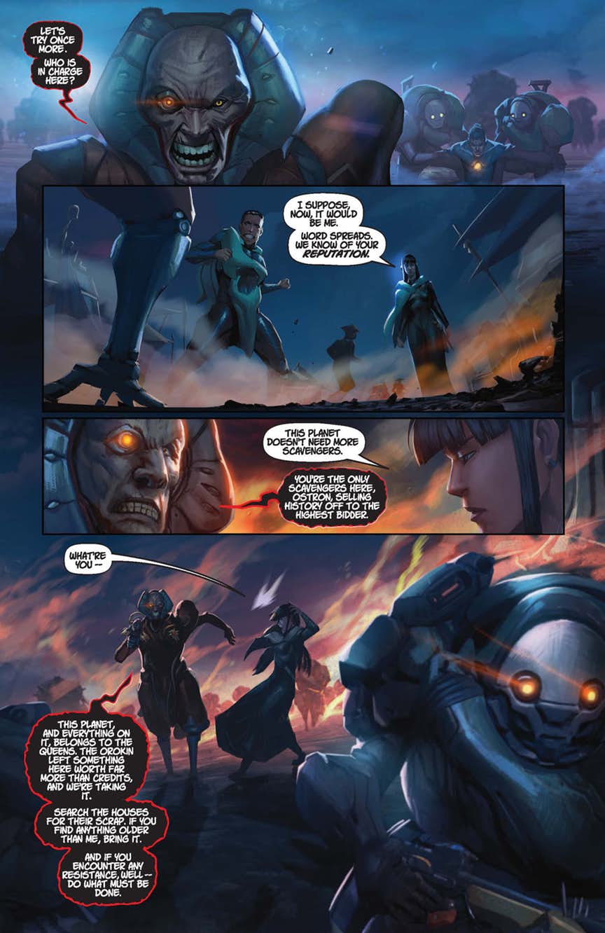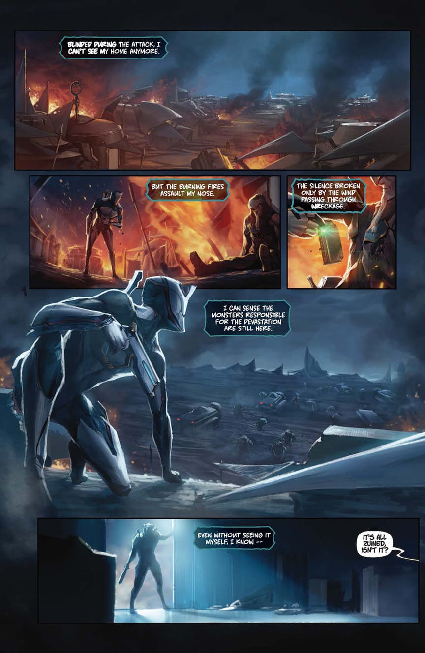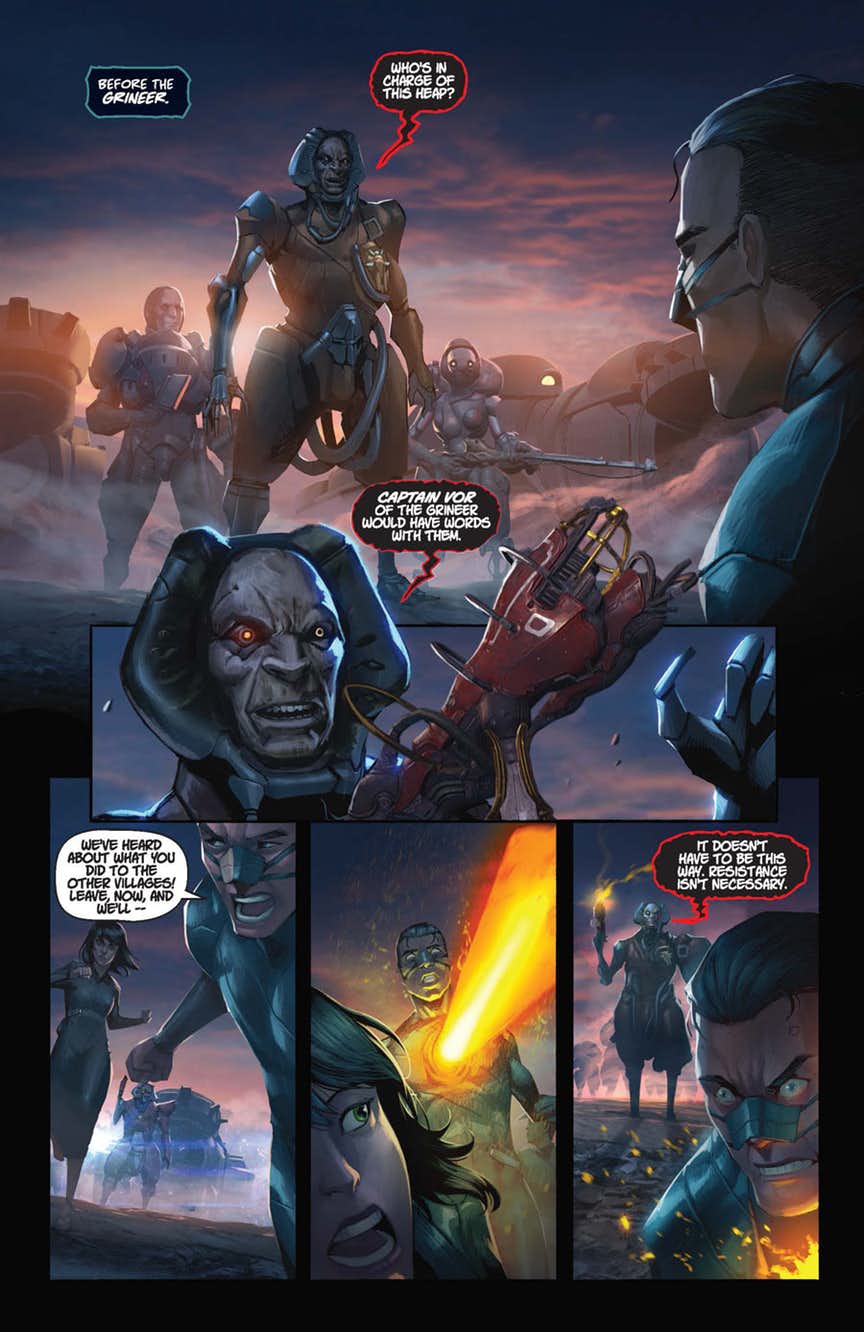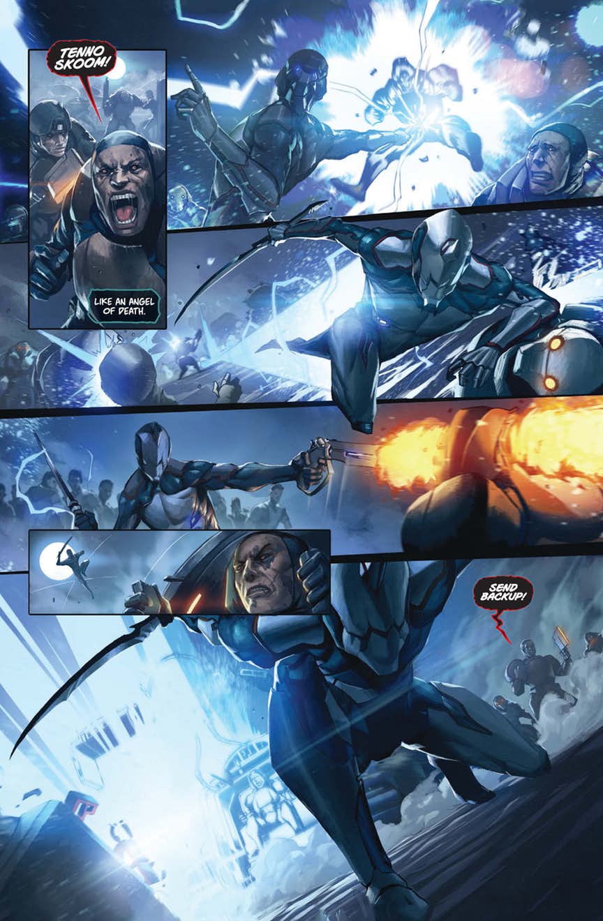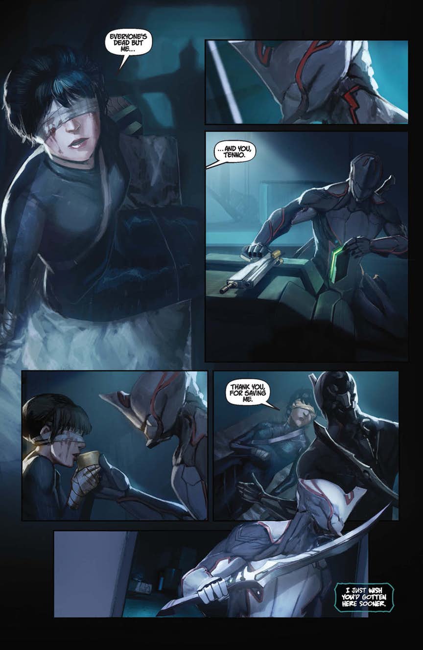The critically acclaimed free-to-play cooperative shooter comes to comics! In the far future, humanity’s descendants scramble to survive in a galaxy rife with conflict, scavenging for ancient technology and long-forgotten secrets. Only the Tenno, powerful warriors, battle to preserve peace and keep the technological masterpieces of the long-dead Orokin out of the wrong hands. Now, a faction of enhanced Grineer soldiers, under the tactician Captain Vor, scour the Earth for a hidden artifact, and only a lone Tenno and a blinded girl can stop them…
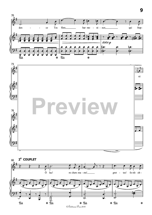 "Le lac", in G Major, for Voice and Piano
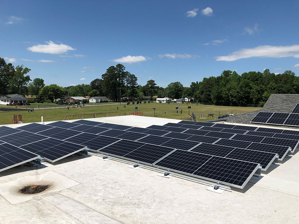The arrays are on the rooftops of Carrollton Elementary School, Carrsville Elementary School, GD Tyler Middle School, Smithfield Main, Windsor Elementary School and Windsor High School.
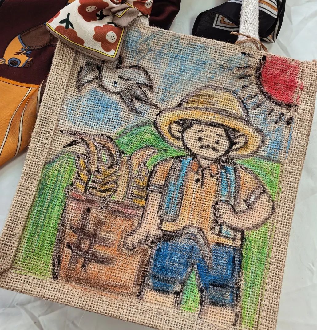 学生金懿和她的导师王译若在布袋上画了农民和麦田,袁隆平的“禾下乘凉梦”跃然布上。王老师说:“袁隆平把功勋写在祖国大地上。我和学生共同完成这个作品,就是鼓励他们学习科学家脚踏实地的精神和为民造福的爱国情怀。”
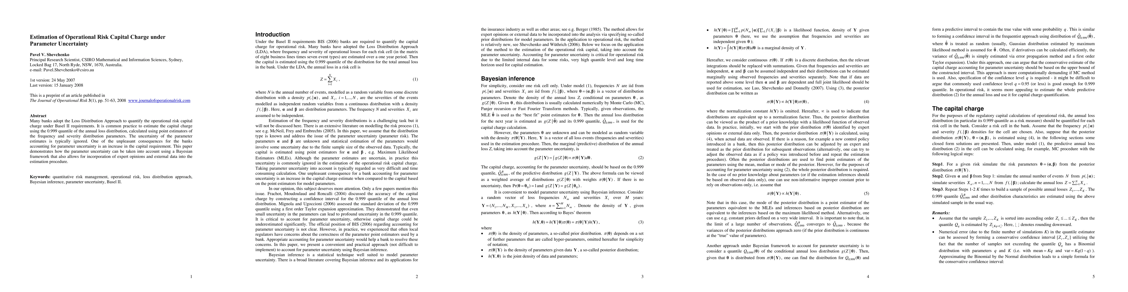 This paper proposes a Bayesian framework for estimating operational risk capital charge under Basel II, addressing the often-ignored parameter uncertainty. It shows that incorporating parameter uncertainty can increase capital requirements, but it also allows for the integration of expert opinions and external data to improve estimation accuracy.
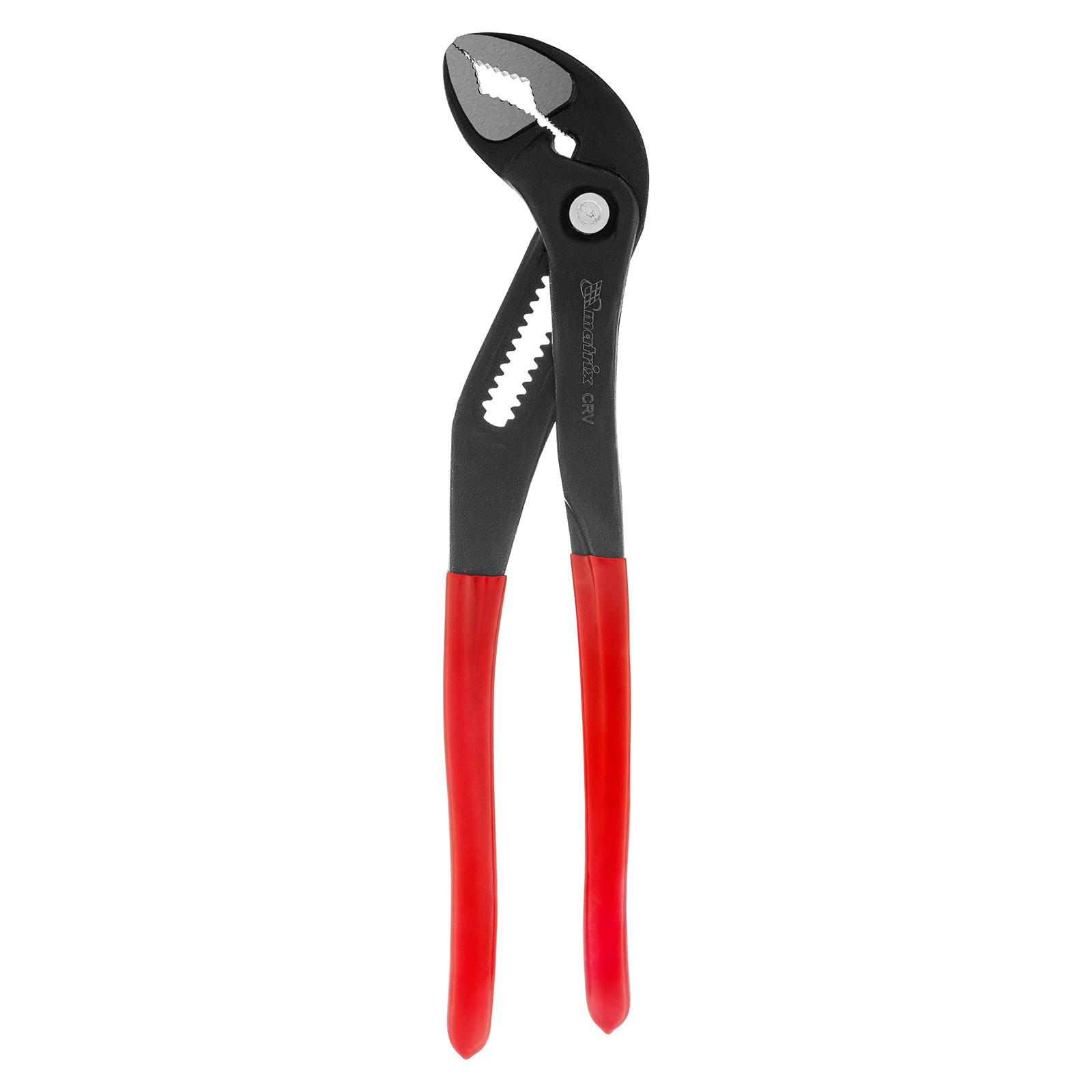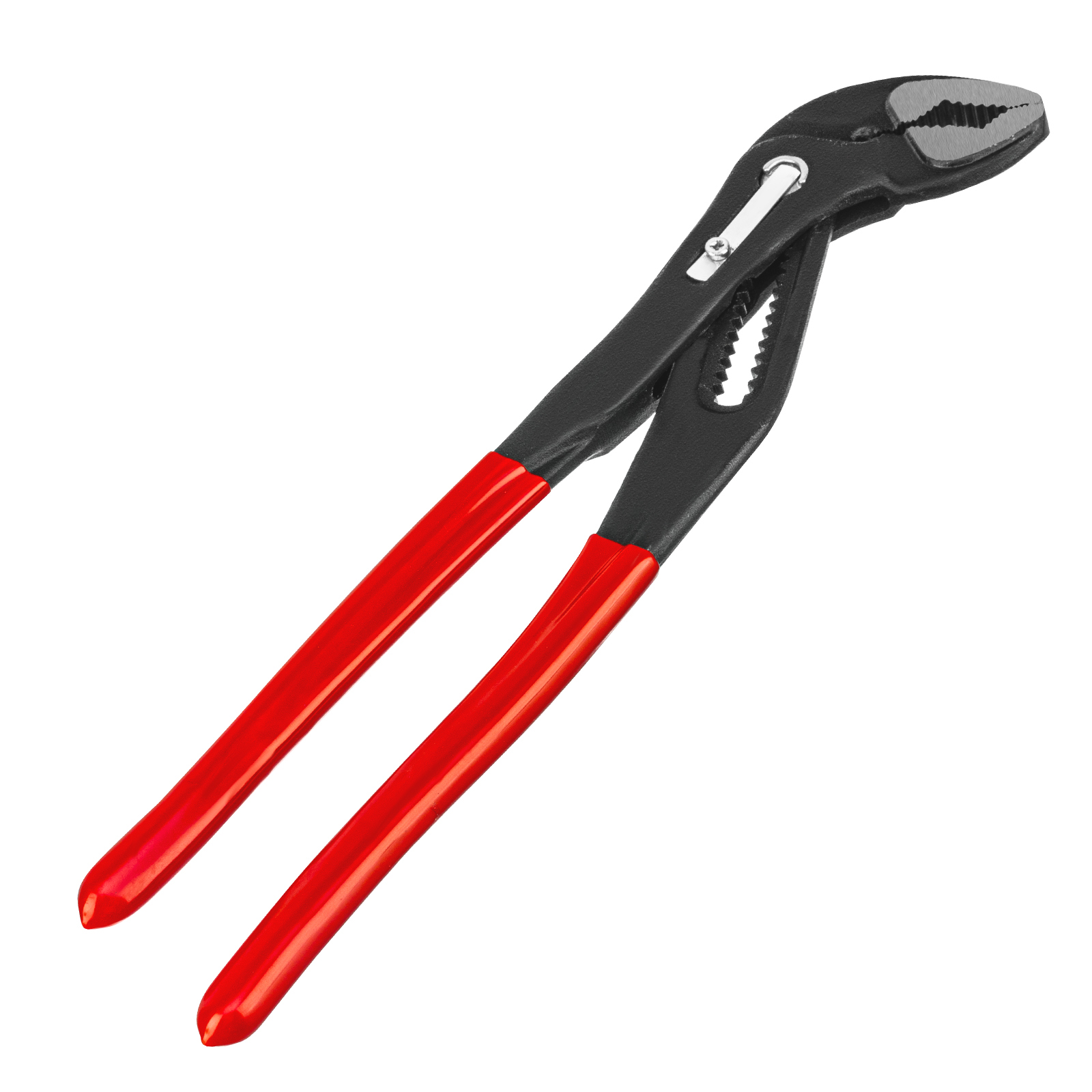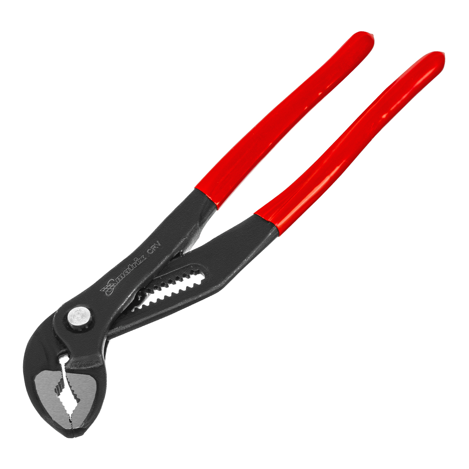 Переставные клещи Matrix 17927 длиной 300 мм, выполненные из хромованадиевой стали, с кнопочным механизмом и обливными рукоятками, используются для проведения монтажных и слесарных работ. Универсальный инструмент заменяет ключи различных размеров и применяется для фиксации заготовок, откручивания гаек, зажима и удержания труб диаметром до 64 мм.
════════════════════
## WHAT TO WORK ON
Return the records above verbatim, leaving out images.

## EXERCISE RESULT
The critically acclaimed free-to-play cooperative shooter comes to comics! In the far future, humanity’s descendants scramble to survive in a galaxy rife with conflict, scavenging for ancient technology and long-forgotten secrets. Only the Tenno, powerful warriors, battle to preserve peace and keep the technological masterpieces of the long-dead Orokin out of the wrong hands. Now, a faction of enhanced Grineer soldiers, under the tactician Captain Vor, scour the Earth for a hidden artifact, and only a lone Tenno and a blinded girl can stop them…
 "Le lac", in G Major, for Voice and Piano
The arrays are on the rooftops of Carrollton Elementary School, Carrsville Elementary School, GD Tyler Middle School, Smithfield Main, Windsor Elementary School and Windsor High School.
 学生金懿和她的导师王译若在布袋上画了农民和麦田,袁隆平的“禾下乘凉梦”跃然布上。王老师说:“袁隆平把功勋写在祖国大地上。我和学生共同完成这个作品,就是鼓励他们学习科学家脚踏实地的精神和为民造福的爱国情怀。”
 This paper proposes a Bayesian framework for estimating operational risk capital charge under Basel II, addressing the often-ignored parameter uncertainty. It shows that incorporating parameter uncertainty can increase capital requirements, but it also allows for the integration of expert opinions and external data to improve estimation accuracy.
 Переставные клещи Matrix 17927 длиной 300 мм, выполненные из хромованадиевой стали, с кнопочным механизмом и обливными рукоятками, используются для проведения монтажных и слесарных работ. Универсальный инструмент заменяет ключи различных размеров и применяется для фиксации заготовок, откручивания гаек, зажима и удержания труб диаметром до 64 мм.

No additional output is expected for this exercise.